The single touch is enough to make the movements of her limbs and chest calmer, although the anguish is still evident in the nonsensical mumbling and beads of sweat slipping off her cheeks, which only pushed me further.

"Hey," I whisper, leaning forward, closer to her ear, hoping that it wasn't enough to wake Wanda up, but just enough to rescue her from whatever terror it was this time, "It's okay. You're okay. You're safe..." At this point I'm so focused on Wanda's well being that I don't realize I've bounced back to my old habit of drawing small patterns on her chest, "It's not real, it's just a dream. I'm here, I..." this was the part where I would normally go on and on about how much I love her, "I... missed you." I gulp, forcefully holding back the tears that threatened to overflow their threshold as I continued to speak softly to her, recognising the rushed heartbeats only Wanda was ever able to awaken in me.

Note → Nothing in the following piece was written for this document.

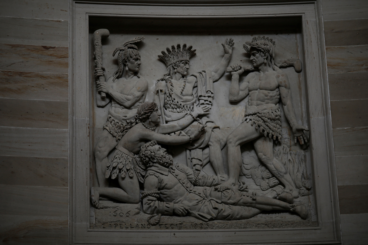 A relief knows as "Preservation of Captain Smith by Pocahontas, 1606" is seen above a rotunda door in the U.S. Capitol in Washington, U.S., August 16, 2019. One of the most iconic symbols of American democracy, the U.S. Capitol, was built using enslaved labor who were involved in all aspects of construction, including carpentry, masonry, plastering, glazing and painting. REUTERS/Carlos Barria

   I smile when her expression becomes less antagonised, a little bit at least. Her breathing is fully back to normal and her muscles are finally relaxed. I wasn't sure that after everything I put her through, that her body would ever want to succumb to me but... I was glad I was able to do something. The one thing I am almost 100 percent sure about is that Wanda doesn't deserve that kind of pain, that kind of suffering, no matter what position she holds on the matter.

   She's cut her hair, which is odd to my eyes, I've longed for her longer locks, even if I was an unwilling patient to admitting the truth of that. Under the touch of my hand, it doesn't take an expert in anatomy to know that she's bulked up a little, pondering the question: how many hours had she spent in the gym?

   Deciding to leave before she could wake up and catch me in this unexplainable situation, I remove my hand slowly from her chest, already missing the warmth it held. Risking one last glance at her peaceful features, I quietly turn to leave the bed and let my feet fall to the floor.

   "Y/N."

   That word, my name, is enough to make me freeze. I do my utter best to ignore the thumping in my chest from my heartbeats, the trembling of my hands gripping the sheets, I open my eyes and tilt my head to look behind me.

   She's still peacefully sleeping, unmoved, except for her hand which was touching where I was touching moments ago. I let out a relieved sigh.

   "Y/N... Y/N..."

   Nothing but careless whispers, sufficient enough to make my heart beat erratically again. Is she dreaming of me? Can she sense my presence? I want to move and leave Wanda to her privacy but something is blocking the commands from my brain to my legs, otherwise I would go. The next whisper she utters is what unclogs my cells, my transmitters, my everything.

   "I'm sorry, baby... I'm sorry."

   The simple and unconscious words are enough to pull a torrent of tears and sobs from me as I rush out of her room, allowing myself to cry in the comfort of my own bed.